--- EXERCISE BRIEF ---
Quote every line below exactly and skip any picture.

--- DATA TO PROCESS ---

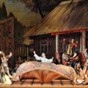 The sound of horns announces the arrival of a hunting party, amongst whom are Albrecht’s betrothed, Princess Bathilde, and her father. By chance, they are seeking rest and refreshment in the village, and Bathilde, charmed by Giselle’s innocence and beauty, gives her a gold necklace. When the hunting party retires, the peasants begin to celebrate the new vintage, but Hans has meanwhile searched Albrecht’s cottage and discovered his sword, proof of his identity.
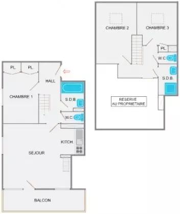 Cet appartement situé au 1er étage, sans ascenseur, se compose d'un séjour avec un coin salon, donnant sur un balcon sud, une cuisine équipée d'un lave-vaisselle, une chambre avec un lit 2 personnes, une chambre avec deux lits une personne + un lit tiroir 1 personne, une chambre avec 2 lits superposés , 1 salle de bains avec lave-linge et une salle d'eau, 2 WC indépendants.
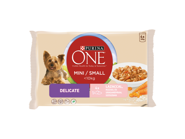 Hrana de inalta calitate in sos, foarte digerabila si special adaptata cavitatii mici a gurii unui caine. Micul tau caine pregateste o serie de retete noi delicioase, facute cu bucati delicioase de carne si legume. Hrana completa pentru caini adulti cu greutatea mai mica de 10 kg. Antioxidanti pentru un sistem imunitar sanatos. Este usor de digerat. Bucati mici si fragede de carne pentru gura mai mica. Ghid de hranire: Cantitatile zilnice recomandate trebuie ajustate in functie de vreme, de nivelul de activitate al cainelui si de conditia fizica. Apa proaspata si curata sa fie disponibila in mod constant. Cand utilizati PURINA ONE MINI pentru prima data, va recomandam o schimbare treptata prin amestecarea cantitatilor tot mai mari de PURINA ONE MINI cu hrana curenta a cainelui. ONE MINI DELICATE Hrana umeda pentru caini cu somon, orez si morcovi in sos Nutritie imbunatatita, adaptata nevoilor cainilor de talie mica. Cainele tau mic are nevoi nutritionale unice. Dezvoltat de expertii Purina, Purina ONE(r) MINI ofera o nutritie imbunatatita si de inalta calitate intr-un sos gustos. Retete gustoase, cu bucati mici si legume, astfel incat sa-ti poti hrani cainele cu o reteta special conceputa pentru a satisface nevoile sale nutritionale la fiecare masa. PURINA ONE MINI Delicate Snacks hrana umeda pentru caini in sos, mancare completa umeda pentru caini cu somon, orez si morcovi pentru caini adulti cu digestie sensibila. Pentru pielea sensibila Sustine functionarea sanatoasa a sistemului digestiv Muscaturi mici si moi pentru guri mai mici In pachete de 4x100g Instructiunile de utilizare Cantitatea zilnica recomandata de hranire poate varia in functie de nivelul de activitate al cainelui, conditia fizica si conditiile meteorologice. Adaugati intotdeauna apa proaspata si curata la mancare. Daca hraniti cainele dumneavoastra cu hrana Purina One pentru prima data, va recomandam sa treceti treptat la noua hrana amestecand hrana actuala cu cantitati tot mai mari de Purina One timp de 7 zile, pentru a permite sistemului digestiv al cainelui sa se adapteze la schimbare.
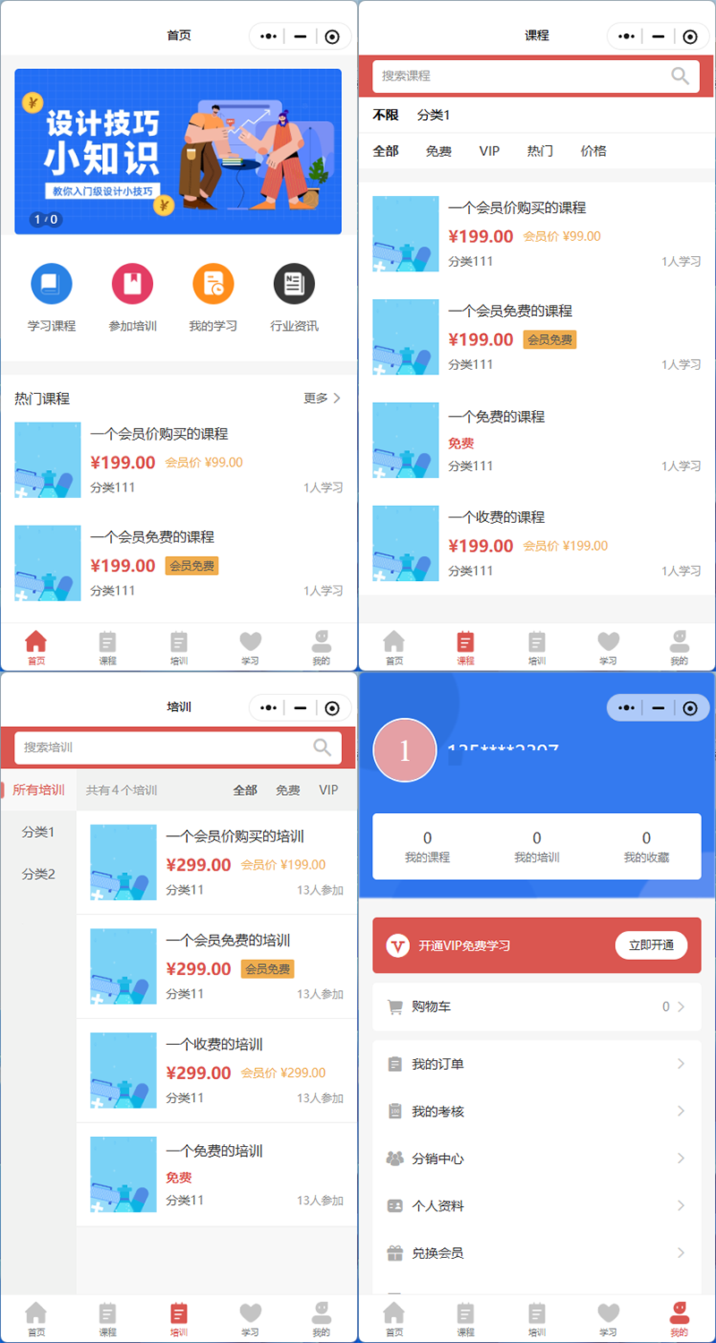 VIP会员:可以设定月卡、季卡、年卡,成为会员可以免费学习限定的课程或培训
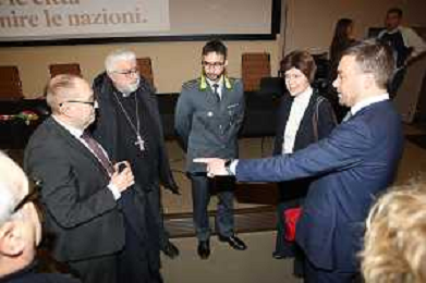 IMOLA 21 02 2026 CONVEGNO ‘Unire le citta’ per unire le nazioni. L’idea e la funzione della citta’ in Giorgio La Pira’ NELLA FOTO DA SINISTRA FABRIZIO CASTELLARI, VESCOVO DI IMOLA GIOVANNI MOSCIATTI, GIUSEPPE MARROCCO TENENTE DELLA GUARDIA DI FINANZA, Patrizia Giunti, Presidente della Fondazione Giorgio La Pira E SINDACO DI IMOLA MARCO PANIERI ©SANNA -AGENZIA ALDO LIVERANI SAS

--- EXERCISE OUTPUT ---
 The sound of horns announces the arrival of a hunting party, amongst whom are Albrecht’s betrothed, Princess Bathilde, and her father. By chance, they are seeking rest and refreshment in the village, and Bathilde, charmed by Giselle’s innocence and beauty, gives her a gold necklace. When the hunting party retires, the peasants begin to celebrate the new vintage, but Hans has meanwhile searched Albrecht’s cottage and discovered his sword, proof of his identity.
 Cet appartement situé au 1er étage, sans ascenseur, se compose d'un séjour avec un coin salon, donnant sur un balcon sud, une cuisine équipée d'un lave-vaisselle, une chambre avec un lit 2 personnes, une chambre avec deux lits une personne + un lit tiroir 1 personne, une chambre avec 2 lits superposés , 1 salle de bains avec lave-linge et une salle d'eau, 2 WC indépendants.
 Hrana de inalta calitate in sos, foarte digerabila si special adaptata cavitatii mici a gurii unui caine. Micul tau caine pregateste o serie de retete noi delicioase, facute cu bucati delicioase de carne si legume. Hrana completa pentru caini adulti cu greutatea mai mica de 10 kg. Antioxidanti pentru un sistem imunitar sanatos. Este usor de digerat. Bucati mici si fragede de carne pentru gura mai mica. Ghid de hranire: Cantitatile zilnice recomandate trebuie ajustate in functie de vreme, de nivelul de activitate al cainelui si de conditia fizica. Apa proaspata si curata sa fie disponibila in mod constant. Cand utilizati PURINA ONE MINI pentru prima data, va recomandam o schimbare treptata prin amestecarea cantitatilor tot mai mari de PURINA ONE MINI cu hrana curenta a cainelui. ONE MINI DELICATE Hrana umeda pentru caini cu somon, orez si morcovi in sos Nutritie imbunatatita, adaptata nevoilor cainilor de talie mica. Cainele tau mic are nevoi nutritionale unice. Dezvoltat de expertii Purina, Purina ONE(r) MINI ofera o nutritie imbunatatita si de inalta calitate intr-un sos gustos. Retete gustoase, cu bucati mici si legume, astfel incat sa-ti poti hrani cainele cu o reteta special conceputa pentru a satisface nevoile sale nutritionale la fiecare masa. PURINA ONE MINI Delicate Snacks hrana umeda pentru caini in sos, mancare completa umeda pentru caini cu somon, orez si morcovi pentru caini adulti cu digestie sensibila. Pentru pielea sensibila Sustine functionarea sanatoasa a sistemului digestiv Muscaturi mici si moi pentru guri mai mici In pachete de 4x100g Instructiunile de utilizare Cantitatea zilnica recomandata de hranire poate varia in functie de nivelul de activitate al cainelui, conditia fizica si conditiile meteorologice. Adaugati intotdeauna apa proaspata si curata la mancare. Daca hraniti cainele dumneavoastra cu hrana Purina One pentru prima data, va recomandam sa treceti treptat la noua hrana amestecand hrana actuala cu cantitati tot mai mari de Purina One timp de 7 zile, pentru a permite sistemului digestiv al cainelui sa se adapteze la schimbare.
 VIP会员:可以设定月卡、季卡、年卡,成为会员可以免费学习限定的课程或培训
 IMOLA 21 02 2026 CONVEGNO ‘Unire le citta’ per unire le nazioni. L’idea e la funzione della citta’ in Giorgio La Pira’ NELLA FOTO DA SINISTRA FABRIZIO CASTELLARI, VESCOVO DI IMOLA GIOVANNI MOSCIATTI, GIUSEPPE MARROCCO TENENTE DELLA GUARDIA DI FINANZA, Patrizia Giunti, Presidente della Fondazione Giorgio La Pira E SINDACO DI IMOLA MARCO PANIERI ©SANNA -AGENZIA ALDO LIVERANI SAS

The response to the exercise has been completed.